Configuring text extraction for document classes

Enable persistent text extraction for any document class that you want to process with the Content Assistant service.

Configuring text extraction for document classes for CPE V5.5.12 and earlier

You can enable text extraction for any document class when you create a subscription for the text extraction event.

About this task

By default, a document class is not enabled for persistent text extraction. You need to create a document class subscription for persistent text extraction. After you create the subscription, text is automatically extracted from any new documents that are added to the object store, which belong to the subscribed document class. However, you need to run a custom sweep job to extract text for existing documents that were added to the object store before the subscription was created.

Procedure

  1. In the Administration Console for Content Platform Engine (ACCE), go to the object store where you want to enable text extraction.
  2. Go to Data Design > Classes > Document and select a document class.
    You can select a document class that subscribes to the text extraction event action.
  3. For the selected class, click Actions > New subscription.
  4. Enter a subscription name and click Next.
    For example, you can enter Document-Text Extraction as the subscription name.
  5. Select the subscription behavior Scope value as Applies to all objects of this class and click Next.
    Leave other properties as default values.
  6. Select Checkin Event and Update Event as events that trigger the subscription and click Next.
  7. Select Text Extraction Event Action as the event action for the subscription and click Next.
  8. Specify the values for additional options.
    1. Set the initial state as Enable the subscription.
    2. Select Include subclasses if you want to enable text extraction for all sub-classes of the parent class.
      Tip: If you want to enable persistent text extraction for the Document class along with subclasses, create the subscription for the Document base class and select Include sub-classes.
    3. Set Run synchronously as the subscription run mode.
    4. Leave other fields blank and click Next.
  9. Click Finish to create the subscription for text extraction.
  10. Repeat the process for all document classes where you want to enable persistent text extraction.

What to do next

If you want to configure text extraction for existing documents that were already added to the object store, see the topic Running a custom text extraction sweep for existing documents.

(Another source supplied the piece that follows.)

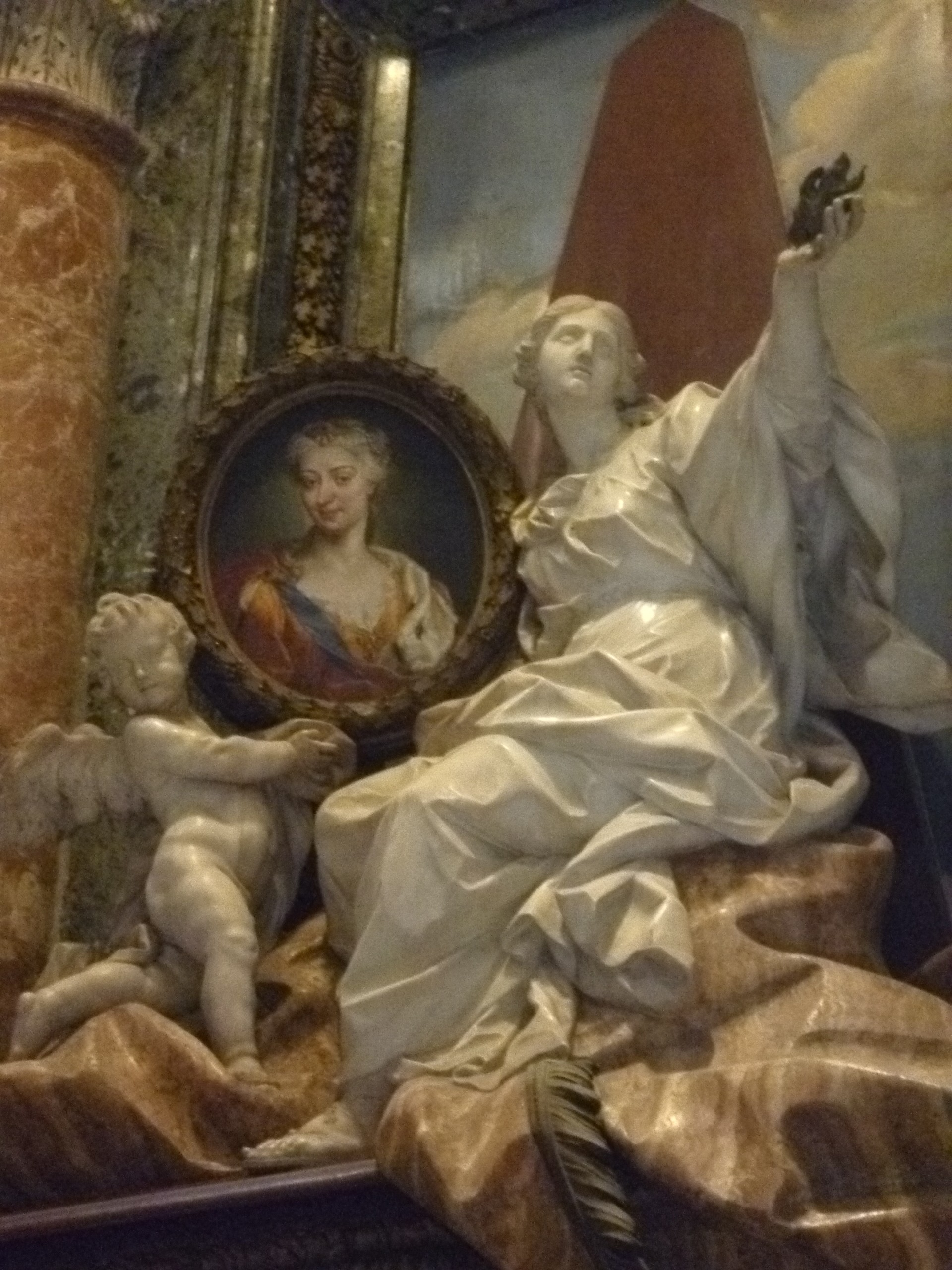 Maria Clementina Sobieski Memorial, St. Peter's Basilica, Rome

Configuring text extraction for document classes for CPE V5.6 and later

Enable persistent text extraction for any document class that you want to process with the Content Assistant.

About this task

By default, a document class is not enabled for persistent text extraction. You can enable persistent text extraction for a document class. After you enable the feature, text is automatically extracted from any new documents that are added to the object store, which belong to the selected document class. However, you need to run a custom sweep job to extract text for existing documents that were added to the object store before the feature was enabled.
Tip: When you enable persistent text extraction for a class, the feature is applied to the document class and all subclasses.
  • If you want to extract text from all incoming documents, enable the persistent text extraction feature for the base Document class.
  • You can also extract text for all document classes and subclasses within a given subtree of classes. For example, if you enable text extraction for the 'Claims' document class, it also enables text extraction for the three document subclasses 'Auto Claims', 'Property Claims', 'Life Claims'.

Procedure

  1. In the Administration Console for Content Platform Engine (ACCE), go to the object store where you want to enable text extraction.
  2. Go to Data Design > Classes and select Document or any document subclass for which you want to enable persistent text extraction.
  3. In the right-pane, go to the General tab and select the Persistent Text Extracts enabled option.
    Note: If the Persistent Text Extracts enabled option is already selected and appears greyed out, review the option settings for the parent class.
  4. Click Save to persist the changes to the document class.

What to do next

If you want to configure text extraction for existing documents that were already added to the object store, see the topic Running a custom text extraction sweep for existing documents.